Chapter 1
May 20, 2025 at 9:53 AM
Notes:
It's almost my first work, I hope you will like it :3
Enjoy!
I'm a thirty year old tech support specialist and a nerd with experience, I thought that nothing could be worse than my last boss. I was wrong. To die from coffee spilled on an old computer system is to be such a bugger! Well, that's who I am.… But in my defense, I'll say that the computer has been messing up for a long time, but who would have thought that it would explode?! I woke up not in a new and wonderful world, but, damn it, on a new level of HELL!
"Hey, innkeeper, beer!" a burly orc in rusty armor barked, slamming his fist on the counter.
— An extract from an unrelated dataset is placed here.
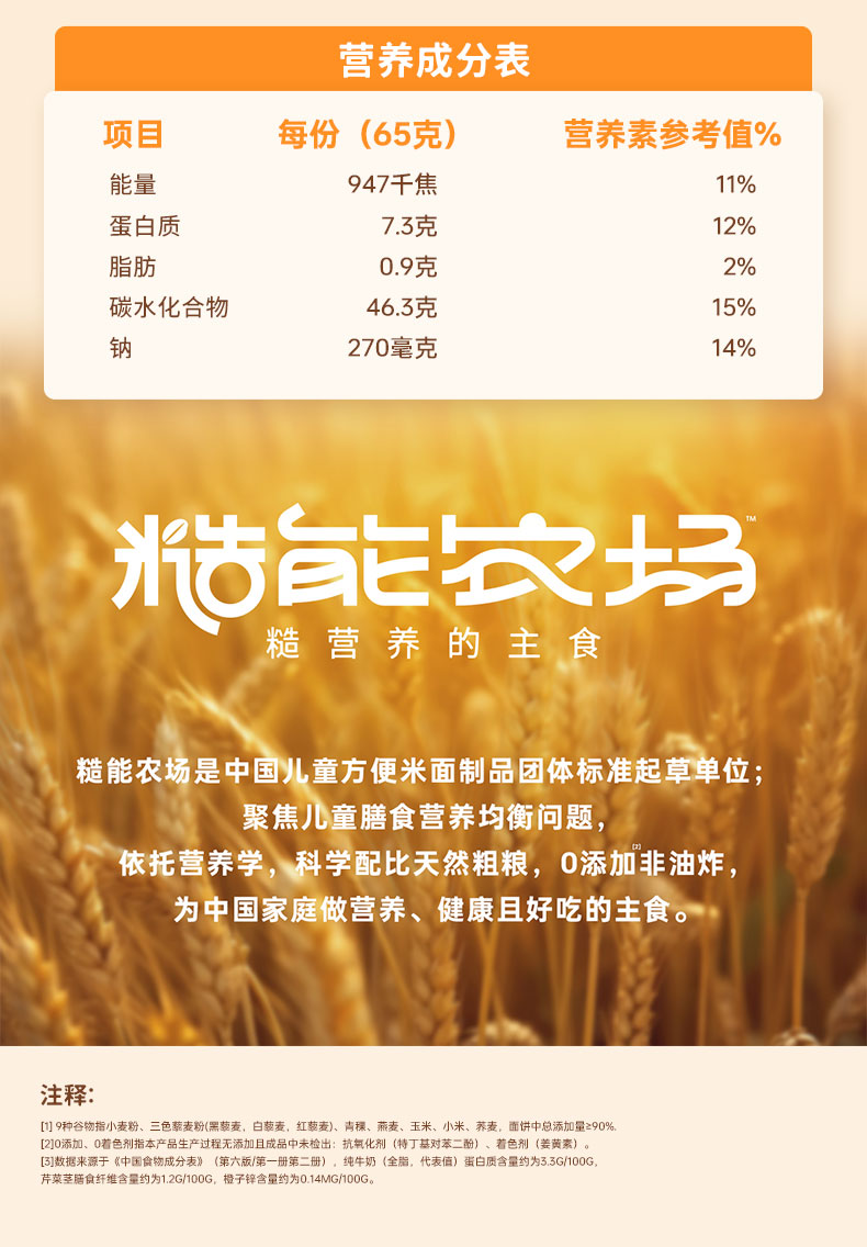 【官方正品】糙能农场九谷营养面儿童方便面干制面九谷荞麦面面条
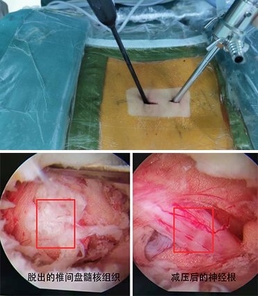 我院脊柱科张冶副主任医师详细查阅了柳女士的病史资料并完善相关检查后,确诊她为腰椎间盘突出症伴腰椎椎管狭窄,且神经压迫严重,有明确的手术指征。在了解到柳女士惧怕“开大刀”的诉求后,张冶医生建议采用我院常规开展的微创手术,单边双通道脊柱内镜技术(UBE)行椎间盘切除。

The counter cracked. My desk, by the way.
"I'm on my way, dear," I muttered, mentally adding: "May you choke, green carcass."
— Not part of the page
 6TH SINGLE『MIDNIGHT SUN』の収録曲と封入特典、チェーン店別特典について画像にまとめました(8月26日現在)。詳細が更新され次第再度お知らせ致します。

In this world, I am the owner of the Crooked Fang Tavern, and my great adventure began with washing mugs and listening to the drunken tales of the heroes. The system, the infection, also throws up tasks in the spirit of: "Clean up after the elf who pukes on the rainbow" or "Separate the dwarves fighting over the last chicken leg." No, of course, I've seen a lot in various books and fanfiction on this subject, but it's NOT LIKE ELVES ARE THROWING UP LIKE A FUCKING RAINBOW! These animals—I can't think of anything else to call those around me—don't let me breathe normally! Fortunately, I'm not trying for free, at least... For this, I get "reputation points", but I haven't figured out yet why I need them if everyone is kicking me.
[New task: Sell 10 mugs of ale in an hour.
Reward: +5 reputation, ragged rag.
Failure: -10 reputation, kick from an orc], — it flashed in front of my eyes. The system, judging by the tone, is laughing at me.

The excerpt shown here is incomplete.